The threats to their lives are therefore easily understood as consequences of the same factors underlying the plots to attack Ashraf 3. Those include the uptick in malign activities associated with the Raisi administration, as well as Western silence over those activities and Raisi’s appointment itself.

Sadly, that silence has only been reinforced in the midst of the current outpouring of terrorist threats, which escalated to the point of an outright attack on August 12 when an admirer of the Iranian regime and the IRGC stabbed the author Salman Rushdie at a Western New York literary event in an apparent effort to implement the 1989 fatwa calling for his death.

Even after Tehran justified and praised that attack, efforts to restore the Iran nuclear deal proceeded in the absence of any new objections or demands from the Western side. Meanwhile, the Belgian government continued to move toward the implementation of a treaty with the Iranian regime, which is expected to set the stage for the terrorist-diplomat Assadollah Assadi to be released only four years into his 20-year sentence.

Perhaps most alarming of all, the US and the United Nations appear to have overlooked each of the recent terrorist threats and the general upward trend in Tehran’s malign activities in order to leave in place an invitation for Ebrahim Raisi to deliver a speech at the UN General Assembly next month.

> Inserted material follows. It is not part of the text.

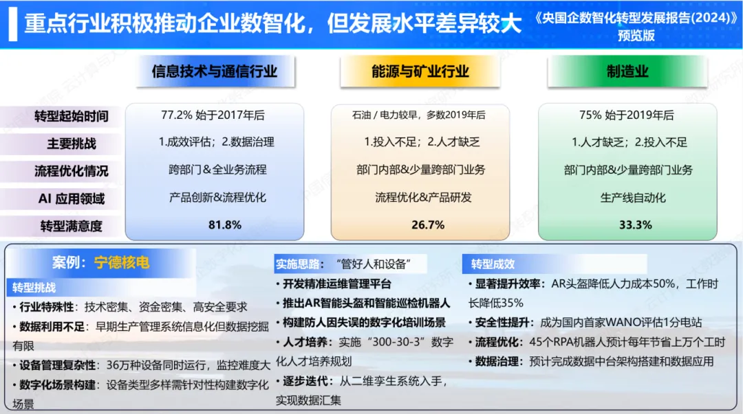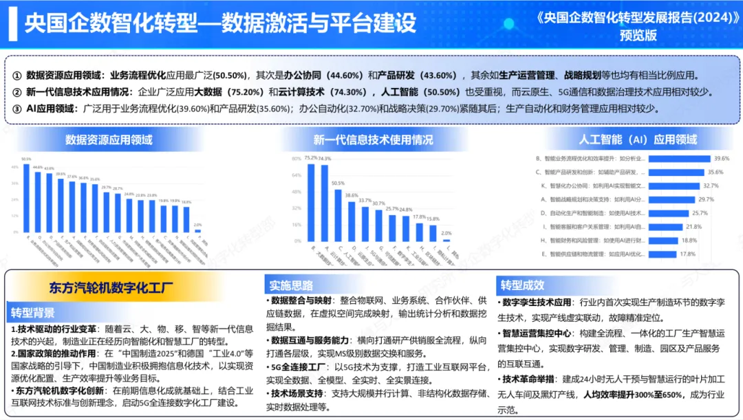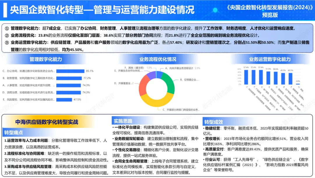日前,由中國信通院攜手金現代、中國移動、騰訊研究院等單位編制的《央國企數智化轉型發展報告(2024年)》在企業數智化IOMM 3.0發布暨企業級數智化AI應用研討會上正式發布。

If these plans remain unchanged and Raisi is granted a visa to visit New York, it will provide undue legitimacy to a criminal whose own people have roundly condemned him as a “butcher,” and it will once again reinforce the sense of impunity that prompted that criminal to oversee a surge of threats and human rights abuses not only within his own country but throughout the world.

In retrospect, one could argue that Ebrahim Raisi actually did deliver the promises he made to the regime’s establishment. The question asks if Western leaders will do the same to the oath they made to their citizens and principles.